Search & Indexing
The search and indexing system provides full-text discovery across bookmark titles and descriptions. It is implemented as an in-memory inverted index that supports token-based matching and relevance ranking, integrated directly into the application's service layer.
Inverted Index Architecture
The core of the search functionality resides in the SearchIndex class within app/services/search_service.py. This class maintains an inverted index—a mapping where each unique word (token) points to a set of bookmark IDs containing that word.
class SearchIndex:
def __init__(self, repository: "BookmarkRepository") -> None:
self._repo = repository
self._index: Dict[str, Set[str]] = defaultdict(set)
self._rebuild()
This design allows for efficient retrieval of matching documents without scanning the entire dataset.
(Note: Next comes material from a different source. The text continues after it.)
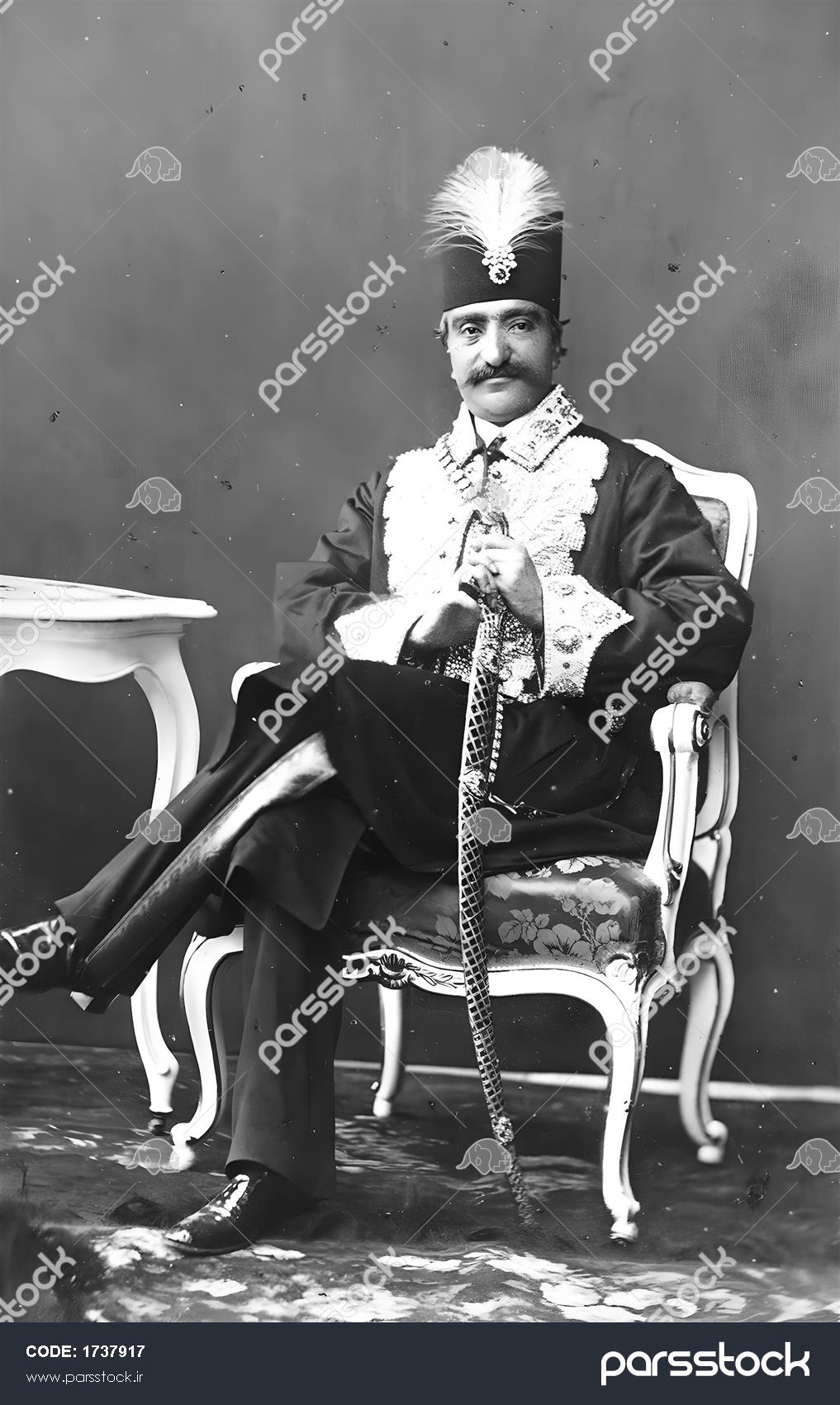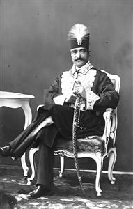 پرتره ناصرالدین شاه قاجار با لباس تشریفاتی عکس سیاه و سفید
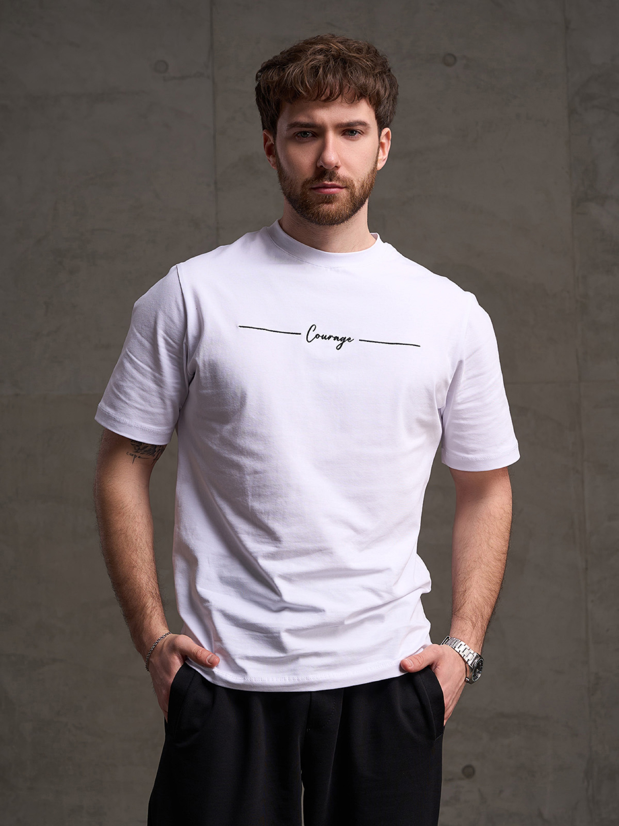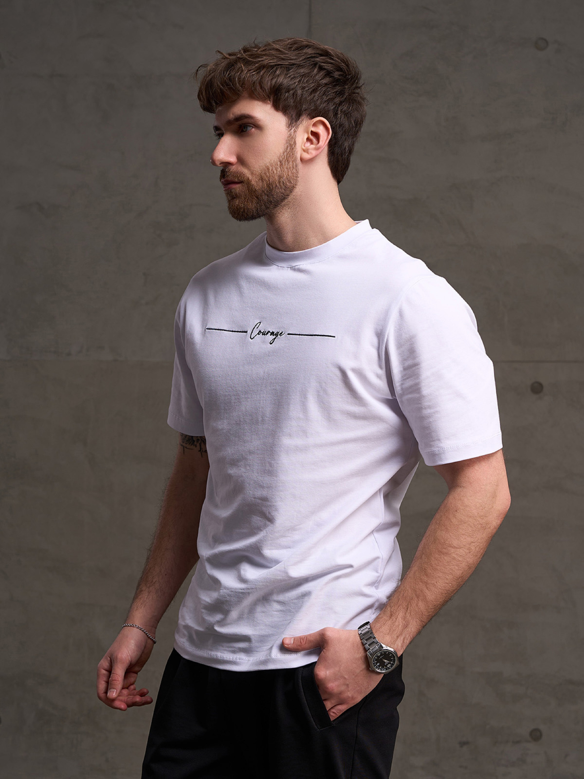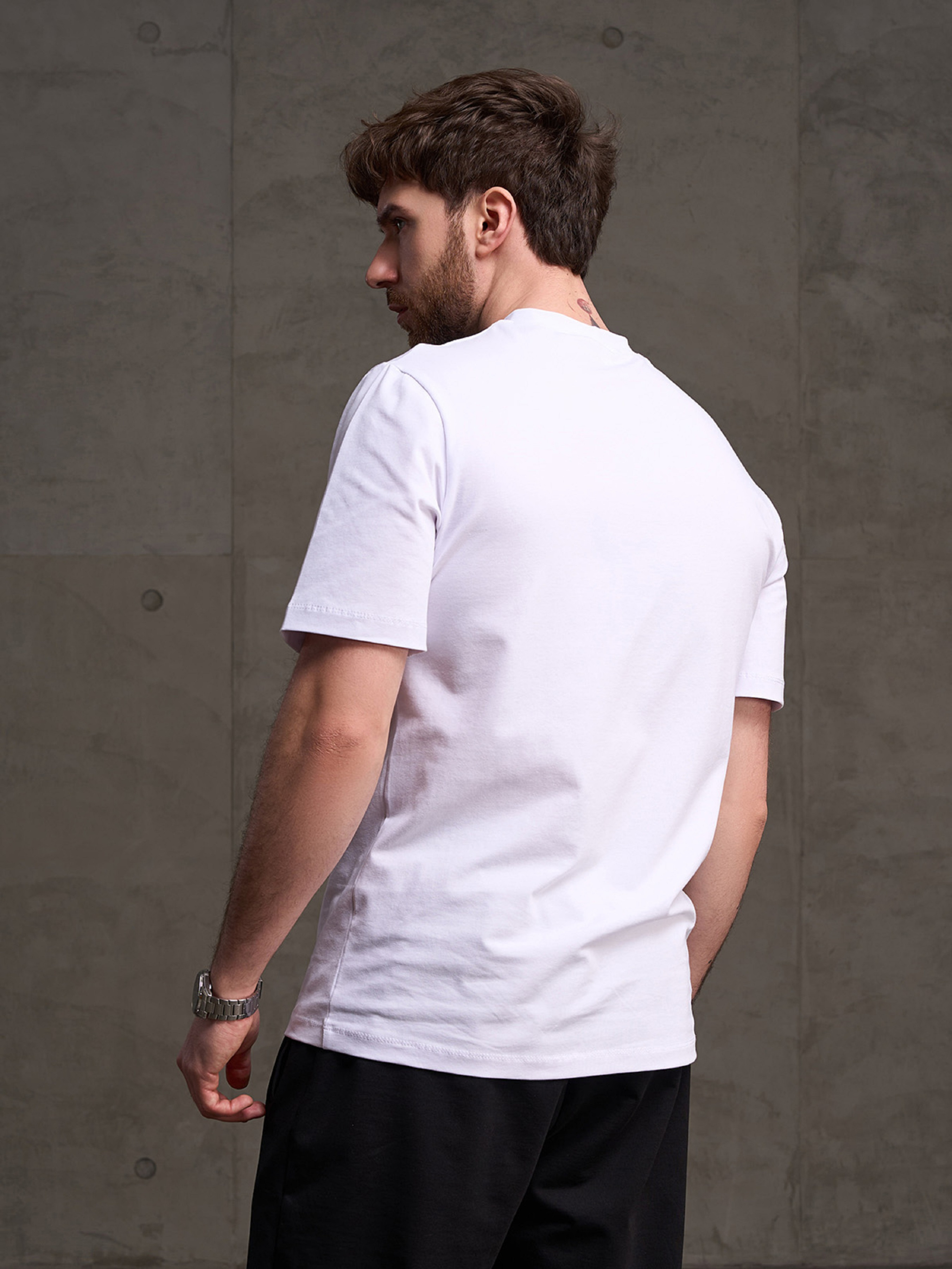 Біла базова футболка з бавовняного трикотажу з написом. Модель прямого традиційного крою з короткими рукавами та манжеткою на О-подібній горловині. Напівобхват: Груди: S (46), M (48), L (50), XL (52), XXL (54), 3XL (56), Довжина виробу - 70, Рукав - 26, Тканина: Високої еластичності

When a search is performed, the system looks up the sets of IDs for each query token and performs a set intersection to find bookmarks that contain all requested terms.
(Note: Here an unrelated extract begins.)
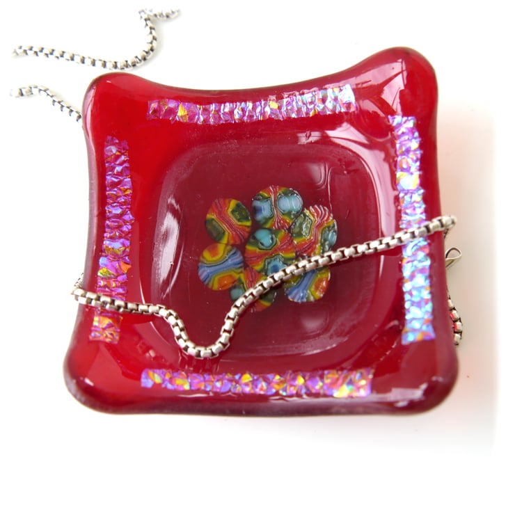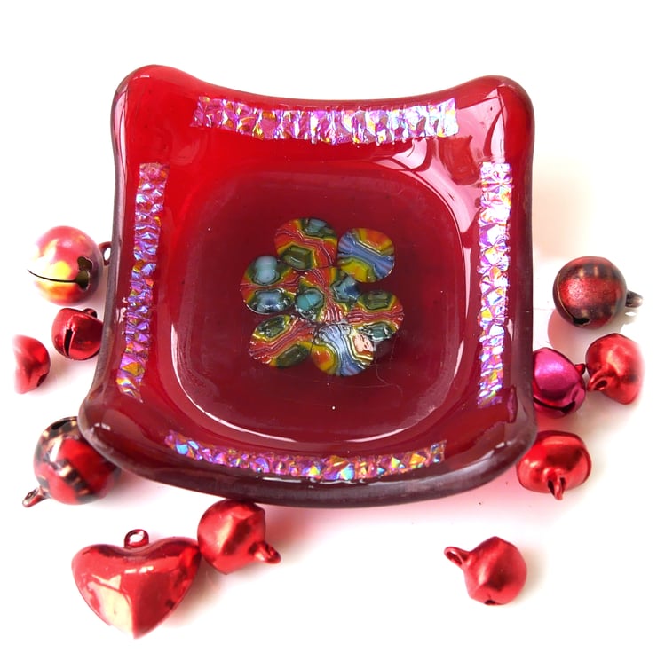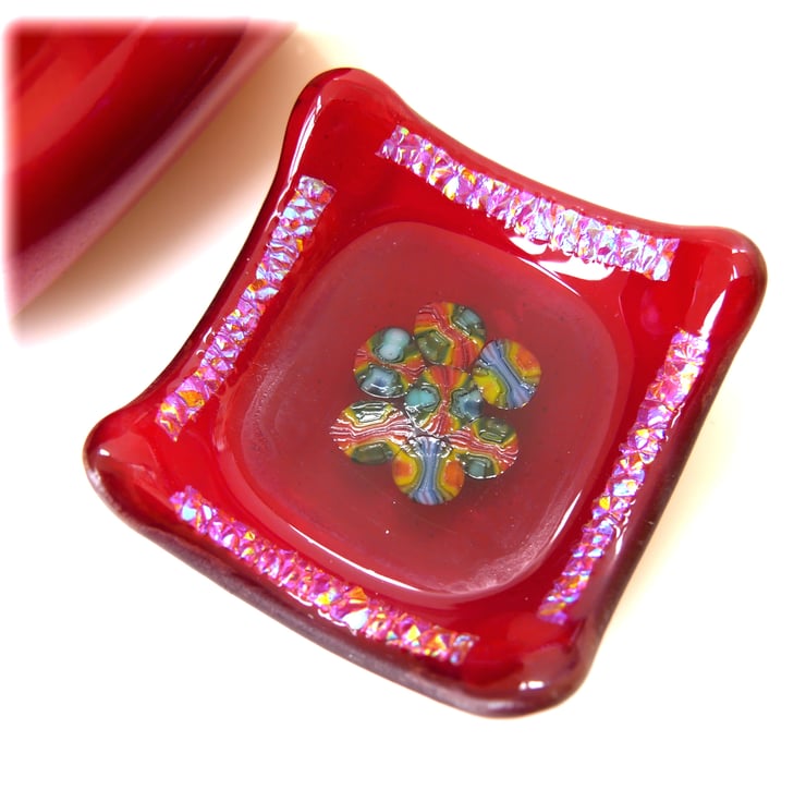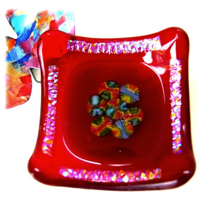 This little dish is on a base of bright red glass topped with a different red centre in which I have encased pretty millefiori sices. I've added side borders of textured dichroic glass.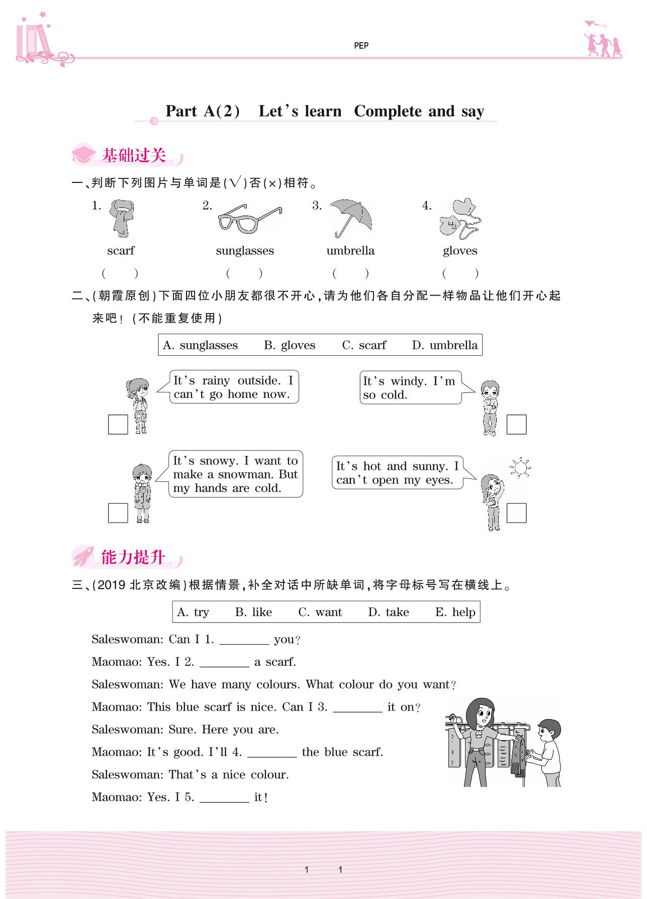 2021下册四年级英语PEP版 Unit 6—Part A(2) Let’s learn Complete and say

Tokenization and Relevance
Text processing is handled by the _tokenize method, which prepares both the indexed content and the user's search queries.
Tokenization Process
The system uses a regular expression ([a-z0-9]+) to extract alphanumeric tokens and converts them to lowercase. To improve search quality, it filters out common "stop words" defined in _STOP_WORDS (e.g., "the", "and", "is").
_STOP_WORDS: Set[str] = {"the", "a", "an", "and", "or", "but", "in", "on", "at", "to", "for", "is", "it"}
_TOKEN_RE = re.compile(r"[a-z0-9]+")
def _tokenize(self, text: str) -> List[str]:
"""Split text into lowercase tokens, removing stop words."""
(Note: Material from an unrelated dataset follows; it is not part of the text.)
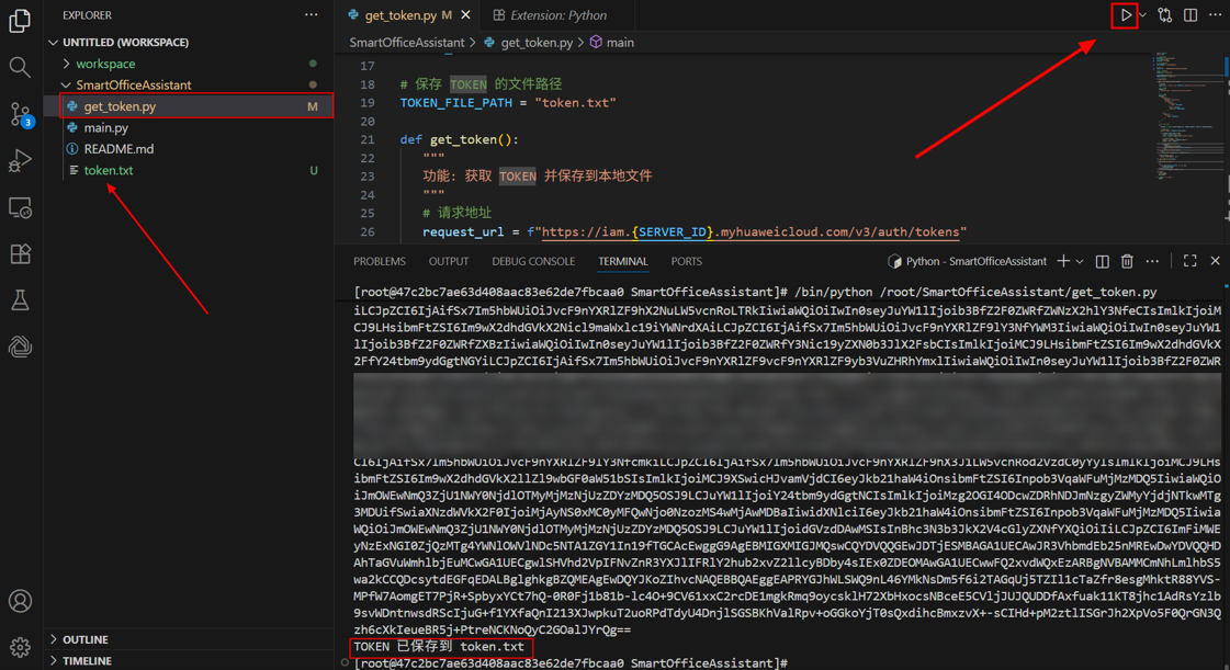在SmartOfficeAssistant文件夹下,查看编辑get_token.py文件。

tokens = _TOKEN_RE.findall(text.lower())
return [t for t in tokens if t not in _STOP_WORDS]
Relevance Ranking
Search results are not returned in arbitrary order. The _rank_results method calculates a simple relevance score based on the frequency of query tokens within the bookmark's title and description.
@staticmethod
def _rank_results(bookmarks: List[Bookmark], tokens: List[str]) -> List[Bookmark]:
"""Rank results by number of token occurrences in title + description."""
def score(b: Bookmark) -> int:
text = f"{b.title} {b.description}".lower()
return sum(text.count(t) for t in tokens)
return sorted(bookmarks, key=score, reverse=True)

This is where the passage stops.